Performance & Optimization

Performance & Optimization #

Resources #

Notes #

It’s important to have a methodology. I’ve run these tools in this manner and I didn’t find anything that indicates a performance issue on the server. I think you should check your code.

Anti-Methods #

Drunk man looking for their keys under a streetlamp because that’s where the light is.

Blame someone else anti-method.

Actual Methodologies #

Problem statement
Workload characterization
USE
Off-CPU Analysis
CPU profile
RTFM Method
Active Benchmarking
Static Performance Tuning

Problem Statement Method #

What makes you think there is a performance problem?
Has this system ever performed well?
What has changed recently? a. Software? b. Hardware? c. Load?
Can the performance degradation be expressed in terms of latency or run time?
Does the problem affect other people or applications (or is it just you)?
What is the environment? Software, hardware, instance types? Versions? Configuration?

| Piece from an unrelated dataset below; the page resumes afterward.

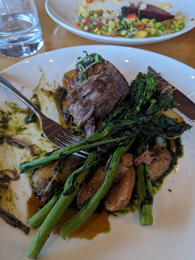 Presenting a fair portion of the main protein but less side ingredients tends to run throughout Ravine’s menu. The salad niçoise ($27) had plenty of flaked hot smoked steelhead trout around the plate but little salad greens to compliment the salty black olives and fish. Smartly, Ravine leaves the creamy boiled potato and crunchy green beans unseasoned, so I did end up spearing pieces of those with the fish and olives.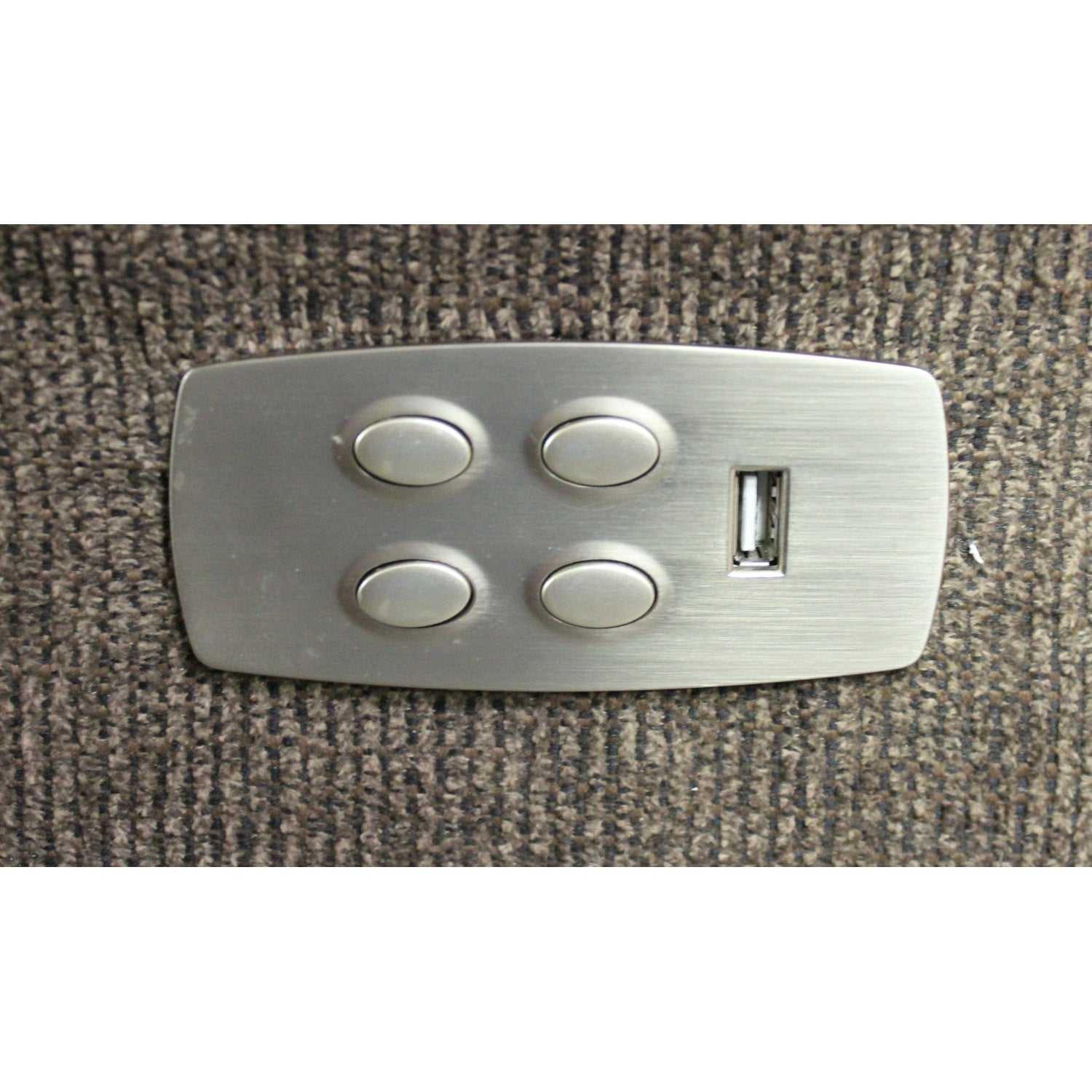 Upholstered in brown fabric, this high-back recliner features plush cushioning across the seat, arms, and back for full-body support. The dual motor mechanism allows independent adjustment of the footrest and backrest, while the built-in USB port offers convenient device charging. Its gentle rocking motion and wide seat profile suggest comfort-forward design suited to casual living spaces.

Workload Characterization Method #

Who is causing the load? PID, UID, IP addr, …
Why is the load called? code path, stack trace
What is the load? IOPS, tput, type, r/w
How is the load changing over time?

The USE Method #

Only check these 3 things for all of your resources.

For every resource check:

Utilization
Saturation
Errors

Definitions:

Utilization: busy time
Saturation: queue length or queued time
Errors: easy to interpret (objective)

It helps if you have a functional (block) diagram of your system / software / environment, showing all resources

Start with questions, then find the tools.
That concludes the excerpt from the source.